| Information supplied |
+ + + + + + +

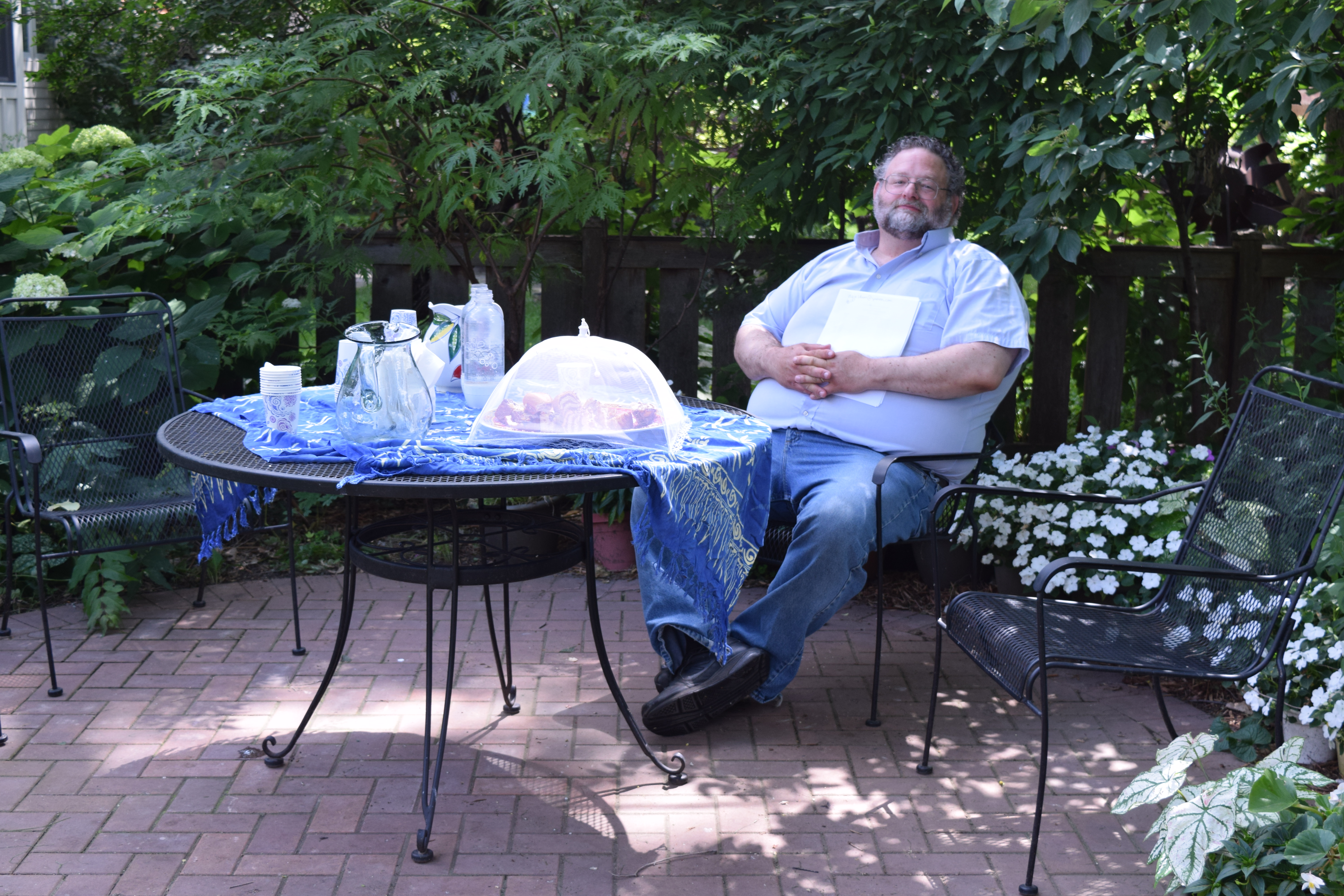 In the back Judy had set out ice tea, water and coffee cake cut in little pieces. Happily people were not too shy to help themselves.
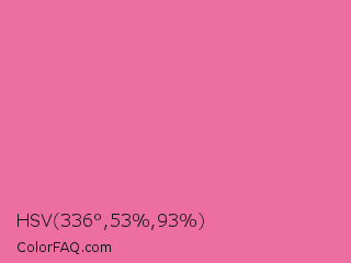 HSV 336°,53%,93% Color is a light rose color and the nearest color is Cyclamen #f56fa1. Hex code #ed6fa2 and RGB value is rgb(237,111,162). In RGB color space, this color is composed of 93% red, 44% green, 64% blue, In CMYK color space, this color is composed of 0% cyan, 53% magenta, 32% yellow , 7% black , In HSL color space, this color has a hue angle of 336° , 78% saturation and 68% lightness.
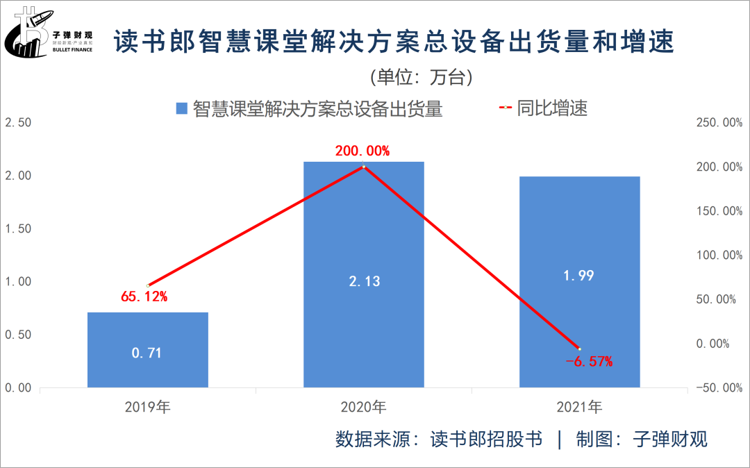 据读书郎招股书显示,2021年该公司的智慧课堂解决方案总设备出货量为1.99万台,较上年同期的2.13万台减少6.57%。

+ + + + + + +

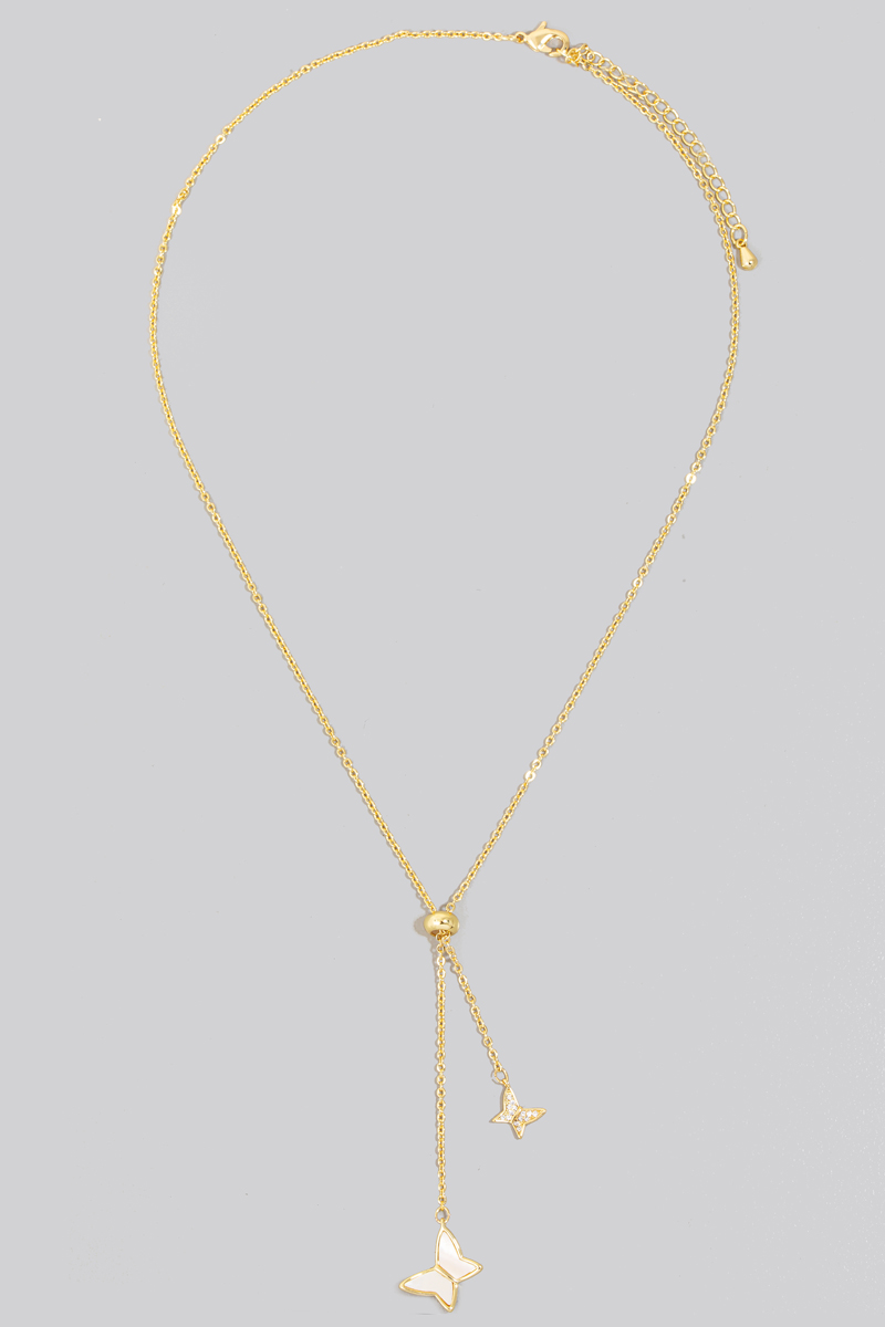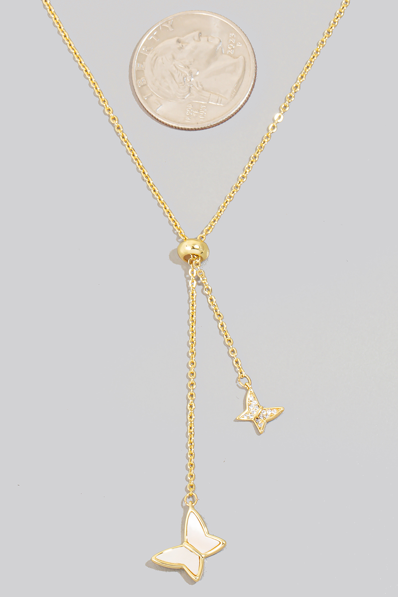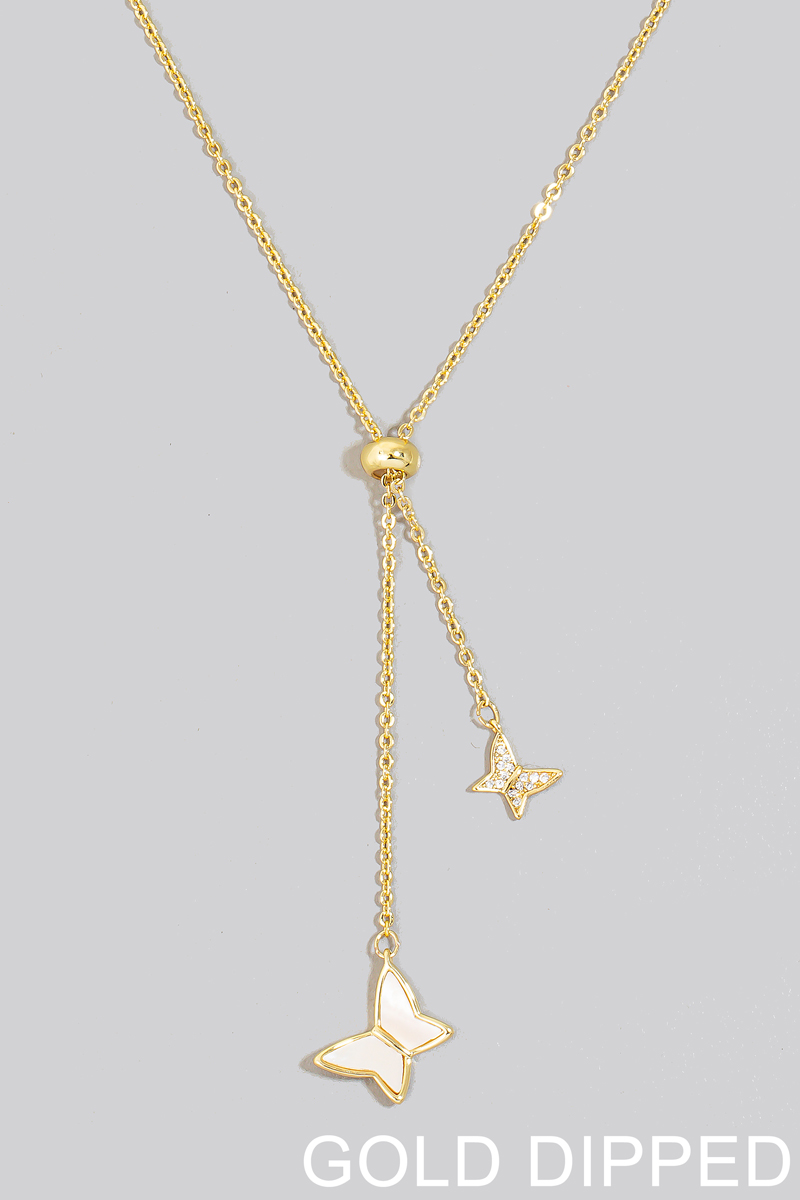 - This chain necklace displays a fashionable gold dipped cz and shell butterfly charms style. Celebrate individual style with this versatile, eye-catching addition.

+ + + + + + +

| Try it |
Look above for the line with "HSV 336°,53%,93% Color" and the line with "据读书郎招股书显示,2021". Give again exactly those two lines and all lines between them, pictures excluded.

| Your response |
 HSV 336°,53%,93% Color is a light rose color and the nearest color is Cyclamen #f56fa1. Hex code #ed6fa2 and RGB value is rgb(237,111,162). In RGB color space, this color is composed of 93% red, 44% green, 64% blue, In CMYK color space, this color is composed of 0% cyan, 53% magenta, 32% yellow , 7% black , In HSL color space, this color has a hue angle of 336° , 78% saturation and 68% lightness.
 据读书郎招股书显示,2021年该公司的智慧课堂解决方案总设备出货量为1.99万台,较上年同期的2.13万台减少6.57%。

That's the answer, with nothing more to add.